When one Ghost instance is Stopped (but is still installed) and then I install another new Ghost instance in a different directory, the port number of the first instance is re-used.
Then, after I re-start the first instance, both URLs arrive at the same (the Ghost instance/site).
However, if the first Ghost instance is Started while I install the second Ghost instance, the CLI then sees that port as already in-use and chooses a different port.
Is there a way to either:
Make the CLI recognize (so it will not re-use) the ports assigned to the other Stopped (but installed) Ghost instances?
If not, how could I re-assign the port that was re-used in order to prevent or correct the conflict?
@vikaspotluri123 provided partial understanding in this post a couple of years ago…
Given that ghost ls knows about all the instances you have installed, even if they are not running, I guess you could put in a feature-request (or bug-report), that ghost install should not only check for ports in use, it should also check for ports already assigned…
FWIW ghost ls is based on ~/.ghost/config which can get out-of-step with reality. This config is just a list of folders where ghost is installed by this user.

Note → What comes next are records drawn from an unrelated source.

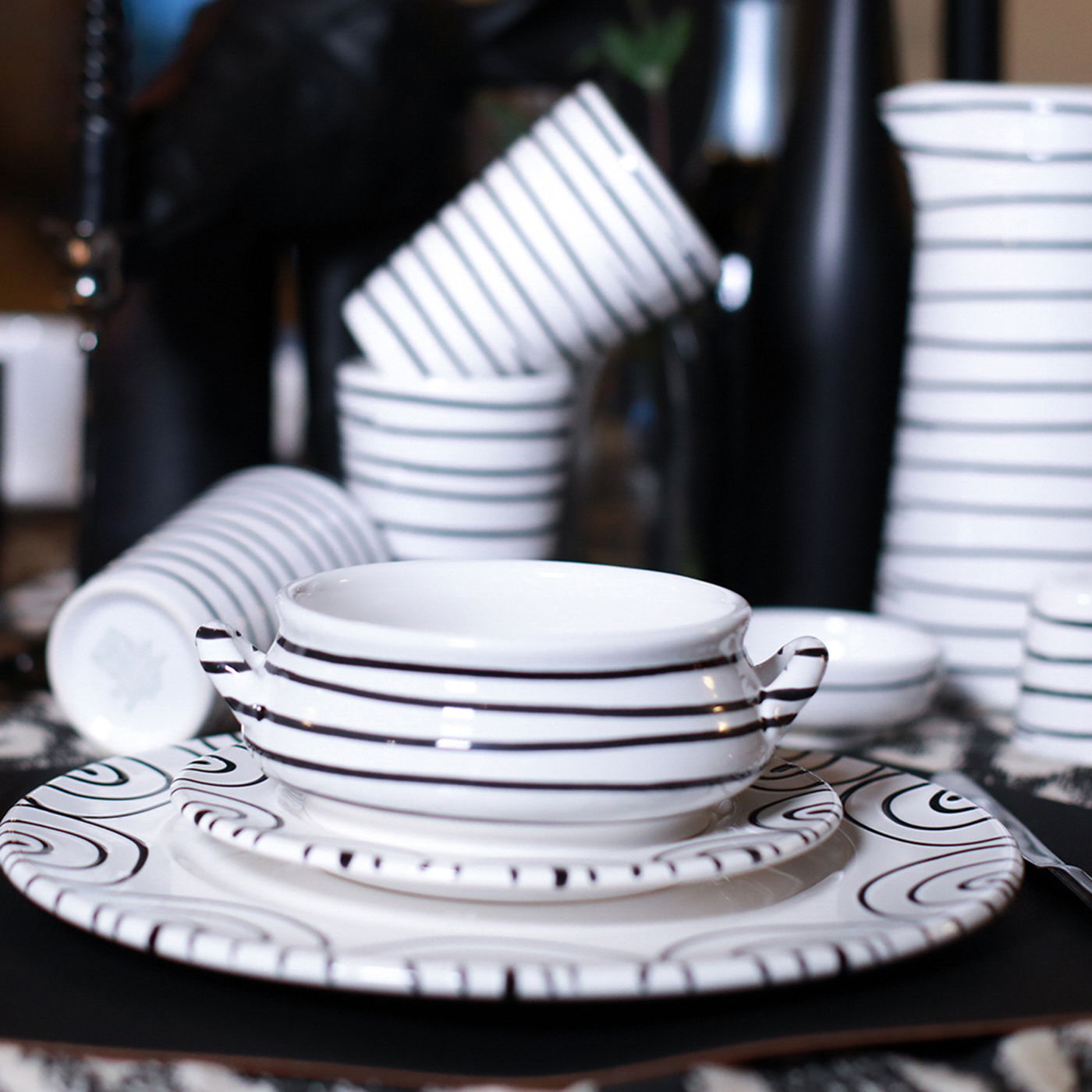Zeitlos und stilvoll präsentiert sich das Design „Schwarzgeflammt“, eine Ikone trifft auf die Moderne. Das unverkennbare Flammen-Design kommt durch den Kontrast der schwarzen Farbe auf strahlend weißer Glasur besonders zur Geltung. Diese Kombination erinnert an Designs aus der Epoche der Wiener Keramik und ist das moderne Pendant zu unserem Klassiker in Grün. Jedes Stück wird von Hand gefertigt und ist ein echtes Unikat. Gmundner Keramik eignet sich zudem für die Spülmaschine und Mikrowelle.
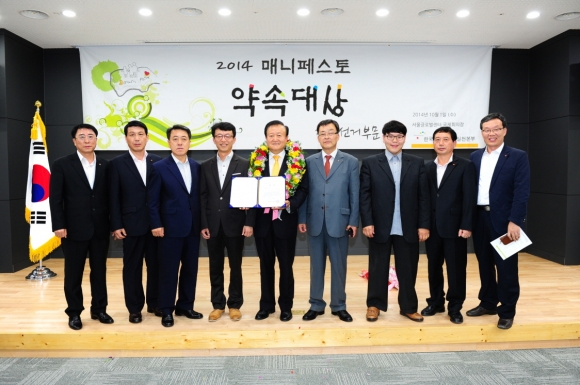 아울러 공약에 대한 직원들의 관심을 환기시키고, 강한 인식을 심어줄 수 있는 교육을 수시로 실시하였다. 그 결과 민선5기를 마무리하는 시점에 2014년‘법률(소비자)연맹’에서 주관하는‘공약대상’을 수상하게 된다. ▶시민들이 중심이 된 새롭게 시작된 공약관리 시는 2014년 새롭게 시작된 민선6기에서 이전의‘시민중심의 공약관리’체계에 전문성을 기하고자 한국매니페스토실천본부와 업무협약을 체결하였다. 시민과의 소통부재로 고배를 마셨던 지난 평가를 발판삼아 공약관리에 더욱 심혈을 기울이겠다는 의지였다.
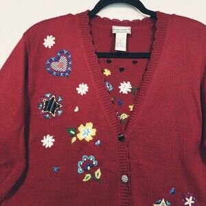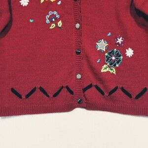 Vintage Napa Valley Size Small Grandma Cardigan Sweater Embroidered Floral Red Country Cottagecore Bohemian

Oh - and to fix the config, you need to ghost stop the instance on the wrong port, fix the port in config.production.json, and then ghost start
Also, depending on your Nginx (or other webserver) setup, change the webserver config to use the new port. In Nginx this would be in your /etc/nginx/sites-enabled folder… which might link to ./system/files/nginx/myblog-domain-name from the blog install folder.
Don’t forget to systemctl restart nginx if you change any of its config.